Back in 1997 a Captain Charles Moore, founder of a volunteer marine environmental monitoring group described the "mess" as 90 percent plastic. "The real reason the world's landfills weren't overflowing with plastic, was because most of it ends up in the ocean fill" says Captain Moore. More devastating than this is that plastic never really goes away. It turns into a soup, miniscule particles that even plankton can ingest. Small multi colored resin bits of plastic have been seen trapped inside transparent bodies of jellyfish. Seabirds ingest small plastic pellets thinking they're fish eggs. Dead sea birds are found with undigested plastic parts still inside their stomachs. They die. Their stomachs are full of junk and doesn't go away.


During his first 1,000 mile crossing of the gyre, Moore calculated half a pound for every 100 square meters of debris on the surface, and arrived at 3 million tons of plastic. And there are estimates that the garbage can reach 10 to 100 meters in depth. Not to mention that a lot of the garbage sinks due to being covered in algae and barnacles. Once out of sun and in cold water the likelihood that the plastic even has a chance to degrade disappears.
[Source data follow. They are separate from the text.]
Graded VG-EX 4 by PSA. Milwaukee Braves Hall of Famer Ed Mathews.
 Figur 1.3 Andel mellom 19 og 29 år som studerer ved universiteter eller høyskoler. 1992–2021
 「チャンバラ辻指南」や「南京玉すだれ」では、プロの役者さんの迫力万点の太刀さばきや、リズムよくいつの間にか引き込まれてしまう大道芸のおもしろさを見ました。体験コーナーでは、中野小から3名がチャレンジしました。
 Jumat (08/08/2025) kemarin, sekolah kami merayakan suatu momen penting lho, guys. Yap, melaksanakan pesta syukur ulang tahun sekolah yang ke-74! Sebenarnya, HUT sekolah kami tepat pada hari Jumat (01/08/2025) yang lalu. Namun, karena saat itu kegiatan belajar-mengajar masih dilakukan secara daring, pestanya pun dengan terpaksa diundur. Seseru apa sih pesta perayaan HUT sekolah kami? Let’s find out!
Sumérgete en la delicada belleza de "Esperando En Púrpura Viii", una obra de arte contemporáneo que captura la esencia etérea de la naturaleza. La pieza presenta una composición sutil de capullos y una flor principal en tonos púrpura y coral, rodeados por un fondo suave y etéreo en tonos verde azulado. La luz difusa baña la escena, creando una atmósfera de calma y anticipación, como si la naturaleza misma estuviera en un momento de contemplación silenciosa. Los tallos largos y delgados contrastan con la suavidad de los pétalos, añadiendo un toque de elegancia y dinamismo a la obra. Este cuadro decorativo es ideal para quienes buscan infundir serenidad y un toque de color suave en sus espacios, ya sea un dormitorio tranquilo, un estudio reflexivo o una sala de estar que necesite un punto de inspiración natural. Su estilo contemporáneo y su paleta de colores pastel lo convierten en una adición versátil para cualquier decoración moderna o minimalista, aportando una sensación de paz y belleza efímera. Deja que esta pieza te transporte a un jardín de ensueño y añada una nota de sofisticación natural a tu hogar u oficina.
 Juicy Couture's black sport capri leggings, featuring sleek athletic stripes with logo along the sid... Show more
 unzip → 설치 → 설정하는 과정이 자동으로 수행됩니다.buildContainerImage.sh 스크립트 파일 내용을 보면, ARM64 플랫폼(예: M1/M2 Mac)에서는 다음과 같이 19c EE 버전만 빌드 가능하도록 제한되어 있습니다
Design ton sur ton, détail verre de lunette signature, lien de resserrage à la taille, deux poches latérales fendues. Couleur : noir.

And this isn't the only garbage patch in the ocean. There are many ocean junk yards. The chart below gives you some idea of the size and locations. In my short search for images and information on this subject I came across many web sites that can inform and show you more than you can possibly imagine. Along with the information that no one knows how to fix it, or if it can be fixed. So the next time you get the question "paper or plastic" the correct response is to pull out your cloth or recycled carry bags and say "I've got my own." Not to mention avoiding plastic as best you can. But we all know it's part of just about everything we purchase. And you thought global warming was a difficult problem to solve.